- Data excerpt
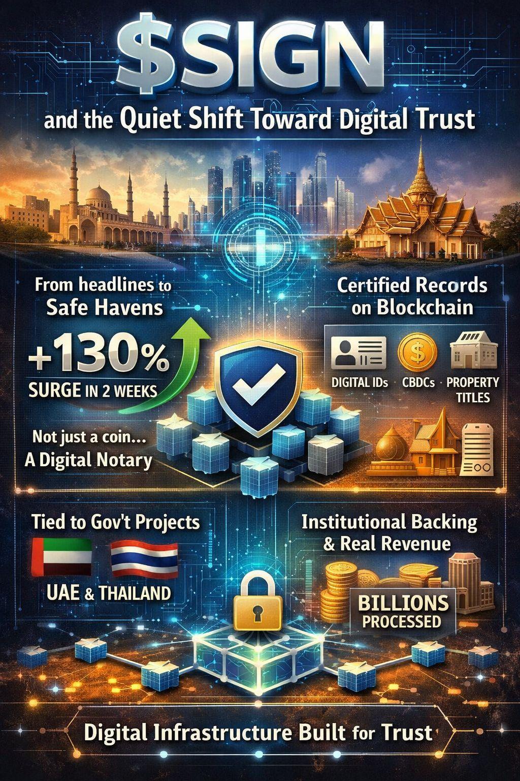 At first glance, it’s easy to dismiss it as another crypto spike. But $SIGN doesn’t behave like a typical meme coin riding hype cycles. Its core idea is actually pretty simple: act like a digital notary. Instead of just moving money, it proves things—ownership, identity, transactions—in a way that can’t easily be altered later.
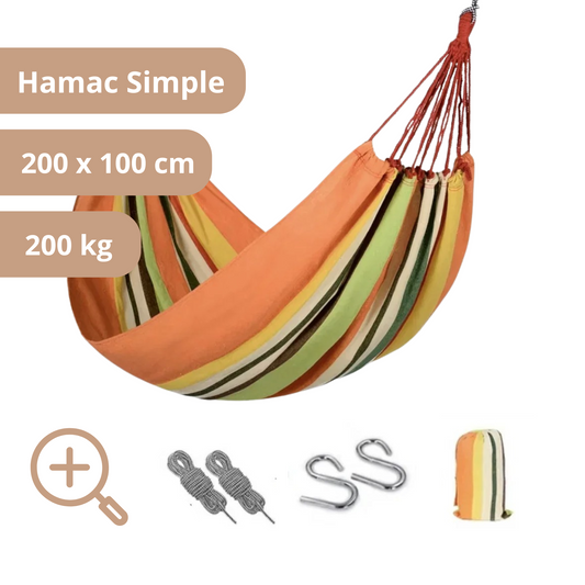 Hamac Simple 200 x 100 - Rayures Orange et Vert
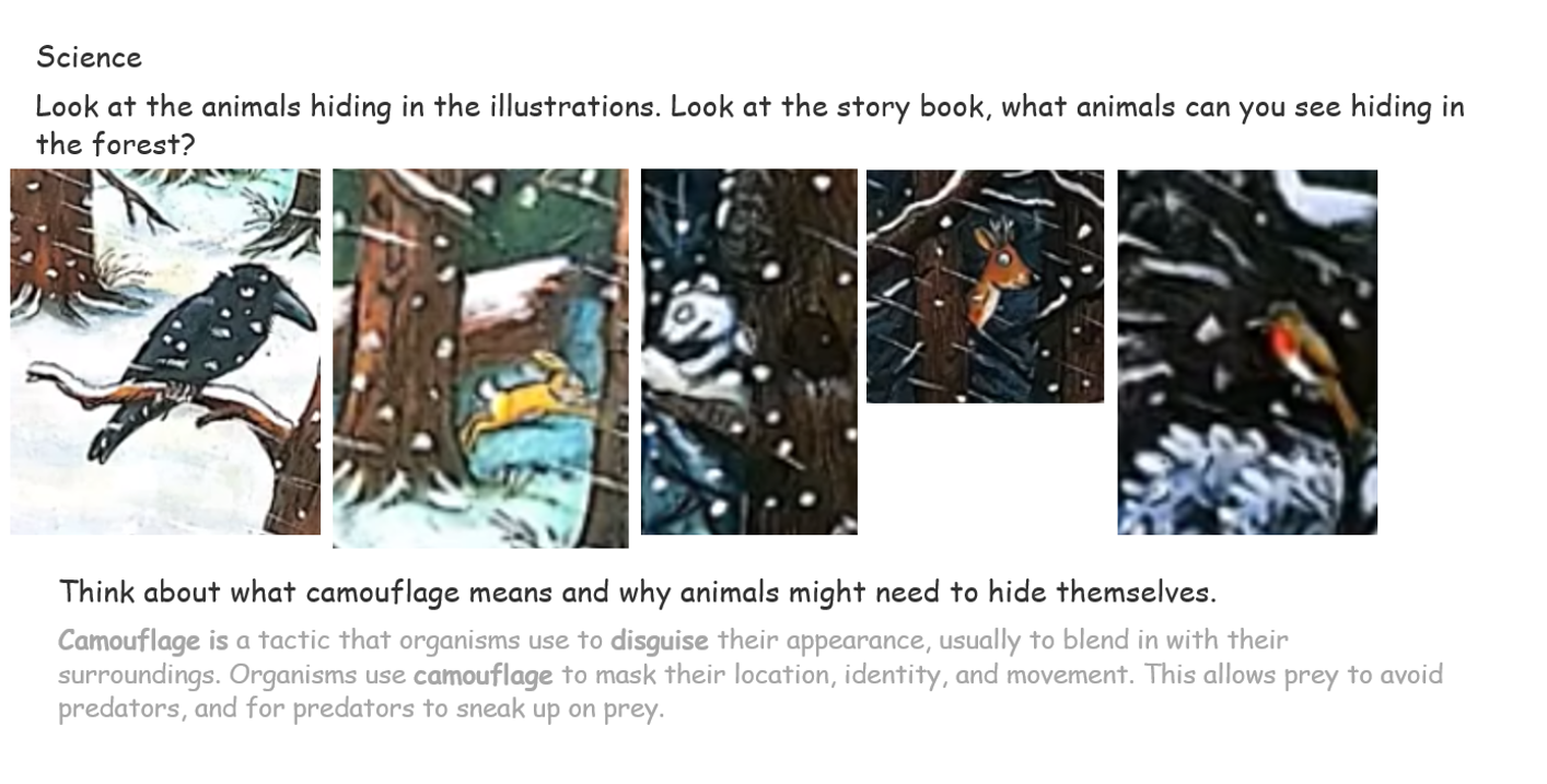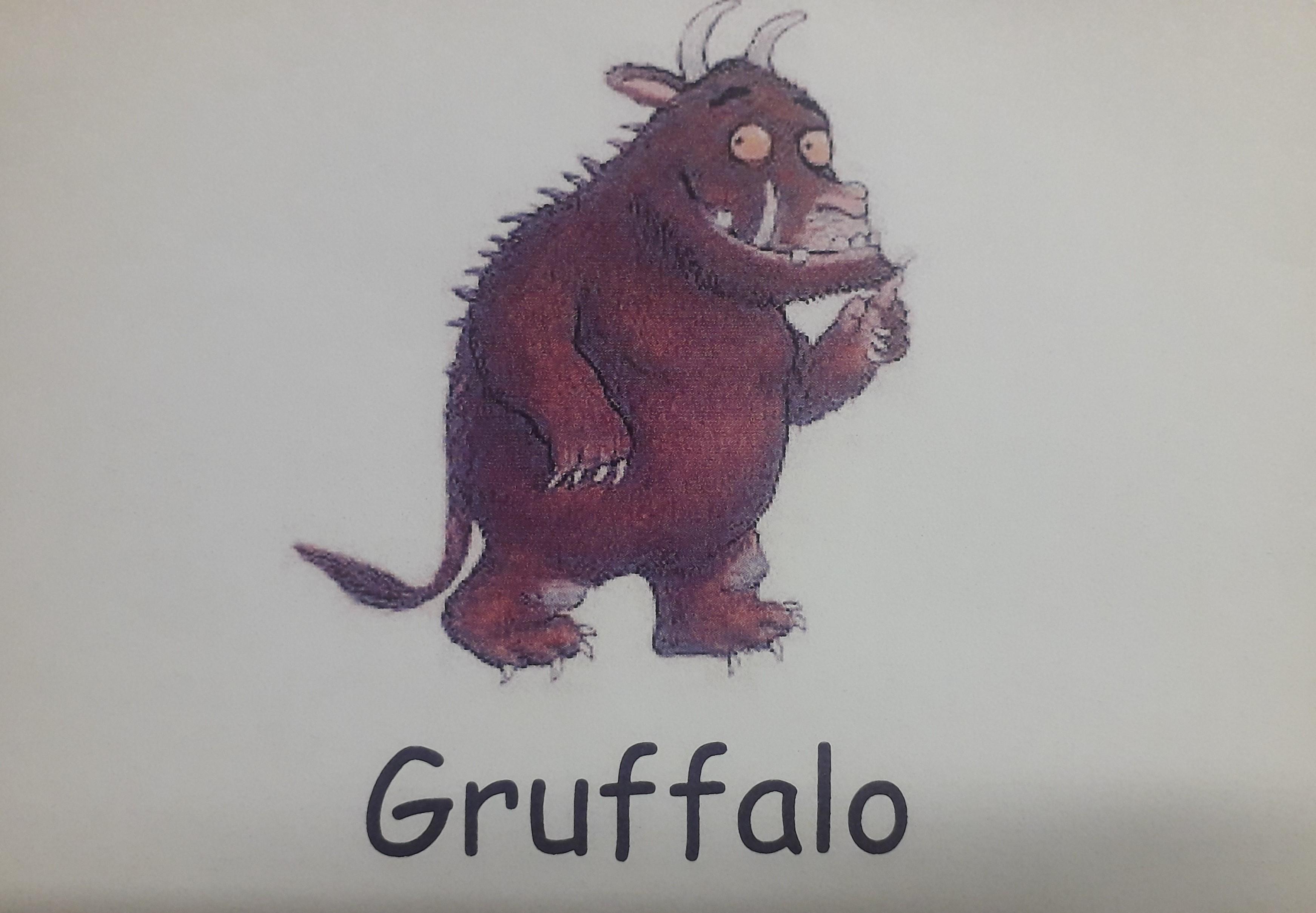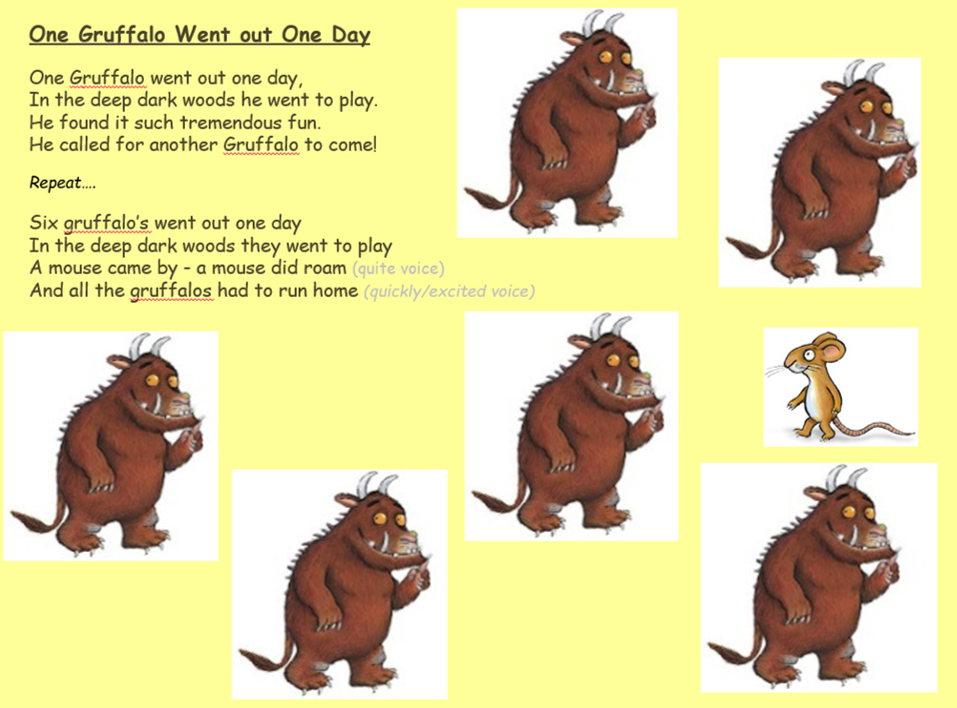 In your child's remote learning pack this week - there are some pictures of the characters. Show your child these characters one by one – naming each one in turn. Encourage your child to repeat the character's name. Encourage your child to make the sound of each animal e.g. mouse - squeak, snake - hiss, owl - hooting, Gruffalo - growling etc.

- Your task
Starting at the line that holds "Hamac Simple 200", reproduce each line through the last one of the listing, and nothing more; the pictures stay out.

- Final answer
 Hamac Simple 200 x 100 - Rayures Orange et Vert
 In your child's remote learning pack this week - there are some pictures of the characters. Show your child these characters one by one – naming each one in turn. Encourage your child to repeat the character's name. Encourage your child to make the sound of each animal e.g. mouse - squeak, snake - hiss, owl - hooting, Gruffalo - growling etc.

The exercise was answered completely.